=== Section Start ===

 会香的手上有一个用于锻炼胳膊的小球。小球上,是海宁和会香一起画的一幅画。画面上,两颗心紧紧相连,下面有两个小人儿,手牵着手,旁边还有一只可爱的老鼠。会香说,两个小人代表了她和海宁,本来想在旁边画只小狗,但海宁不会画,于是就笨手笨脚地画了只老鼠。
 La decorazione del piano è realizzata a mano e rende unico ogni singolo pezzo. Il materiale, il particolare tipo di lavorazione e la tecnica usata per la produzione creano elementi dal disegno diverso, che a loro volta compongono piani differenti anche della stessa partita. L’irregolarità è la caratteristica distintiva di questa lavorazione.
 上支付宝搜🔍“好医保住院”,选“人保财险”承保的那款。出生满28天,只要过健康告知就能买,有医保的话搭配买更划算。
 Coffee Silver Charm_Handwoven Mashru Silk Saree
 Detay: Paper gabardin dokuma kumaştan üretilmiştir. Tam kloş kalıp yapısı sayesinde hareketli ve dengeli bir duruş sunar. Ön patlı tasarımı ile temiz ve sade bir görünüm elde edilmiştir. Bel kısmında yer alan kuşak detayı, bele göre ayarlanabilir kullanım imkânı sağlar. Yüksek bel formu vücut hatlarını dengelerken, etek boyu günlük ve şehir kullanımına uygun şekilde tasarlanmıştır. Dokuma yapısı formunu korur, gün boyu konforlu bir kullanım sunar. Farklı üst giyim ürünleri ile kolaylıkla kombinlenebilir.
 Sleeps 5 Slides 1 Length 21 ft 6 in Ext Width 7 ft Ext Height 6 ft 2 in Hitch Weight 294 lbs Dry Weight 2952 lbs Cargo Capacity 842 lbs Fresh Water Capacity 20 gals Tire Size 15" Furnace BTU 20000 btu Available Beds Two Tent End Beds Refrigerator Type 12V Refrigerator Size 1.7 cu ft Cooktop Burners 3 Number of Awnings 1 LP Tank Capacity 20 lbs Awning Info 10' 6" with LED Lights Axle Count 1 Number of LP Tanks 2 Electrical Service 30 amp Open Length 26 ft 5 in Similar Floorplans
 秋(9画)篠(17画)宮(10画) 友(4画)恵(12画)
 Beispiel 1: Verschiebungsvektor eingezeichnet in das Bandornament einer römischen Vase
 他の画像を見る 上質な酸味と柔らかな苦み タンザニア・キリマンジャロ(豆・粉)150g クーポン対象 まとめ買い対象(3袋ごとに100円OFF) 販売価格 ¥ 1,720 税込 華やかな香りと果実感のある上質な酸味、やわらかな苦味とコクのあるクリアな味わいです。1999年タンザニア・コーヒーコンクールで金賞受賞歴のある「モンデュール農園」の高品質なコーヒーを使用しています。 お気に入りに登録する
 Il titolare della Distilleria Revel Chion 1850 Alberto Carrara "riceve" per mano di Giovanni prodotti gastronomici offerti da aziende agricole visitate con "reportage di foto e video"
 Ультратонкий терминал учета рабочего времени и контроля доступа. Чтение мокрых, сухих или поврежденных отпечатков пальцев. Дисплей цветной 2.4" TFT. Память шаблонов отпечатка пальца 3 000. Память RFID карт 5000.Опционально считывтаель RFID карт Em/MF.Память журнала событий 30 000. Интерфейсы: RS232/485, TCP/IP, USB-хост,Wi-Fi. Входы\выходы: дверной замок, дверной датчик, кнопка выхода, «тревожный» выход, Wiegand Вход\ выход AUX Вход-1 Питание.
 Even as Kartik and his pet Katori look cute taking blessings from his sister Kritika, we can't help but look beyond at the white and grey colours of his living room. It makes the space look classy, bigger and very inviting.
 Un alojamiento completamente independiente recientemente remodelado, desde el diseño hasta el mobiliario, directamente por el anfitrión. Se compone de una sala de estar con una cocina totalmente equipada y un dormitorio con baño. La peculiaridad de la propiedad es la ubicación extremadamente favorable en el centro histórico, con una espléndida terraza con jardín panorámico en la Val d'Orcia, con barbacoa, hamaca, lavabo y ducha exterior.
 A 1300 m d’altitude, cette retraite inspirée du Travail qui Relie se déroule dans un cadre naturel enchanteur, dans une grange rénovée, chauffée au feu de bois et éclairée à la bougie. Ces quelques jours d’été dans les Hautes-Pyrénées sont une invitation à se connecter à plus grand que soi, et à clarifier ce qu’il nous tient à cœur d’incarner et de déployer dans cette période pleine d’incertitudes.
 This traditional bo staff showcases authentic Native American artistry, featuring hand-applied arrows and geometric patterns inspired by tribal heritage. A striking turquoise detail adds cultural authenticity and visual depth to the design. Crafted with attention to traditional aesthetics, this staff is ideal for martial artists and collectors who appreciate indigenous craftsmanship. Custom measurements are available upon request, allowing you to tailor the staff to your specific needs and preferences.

=== Section End ===

*Work instructions*.
Look above for the line holding "Sleeps 5 Slides". Print it and every line after it, exactly, through the line holding "秋(9画)篠(17画)宮(10画) 友(4画)恵(12画)".

*Expected answer*.
 Sleeps 5 Slides 1 Length 21 ft 6 in Ext Width 7 ft Ext Height 6 ft 2 in Hitch Weight 294 lbs Dry Weight 2952 lbs Cargo Capacity 842 lbs Fresh Water Capacity 20 gals Tire Size 15" Furnace BTU 20000 btu Available Beds Two Tent End Beds Refrigerator Type 12V Refrigerator Size 1.7 cu ft Cooktop Burners 3 Number of Awnings 1 LP Tank Capacity 20 lbs Awning Info 10' 6" with LED Lights Axle Count 1 Number of LP Tanks 2 Electrical Service 30 amp Open Length 26 ft 5 in Similar Floorplans
 秋(9画)篠(17画)宮(10画) 友(4画)恵(12画)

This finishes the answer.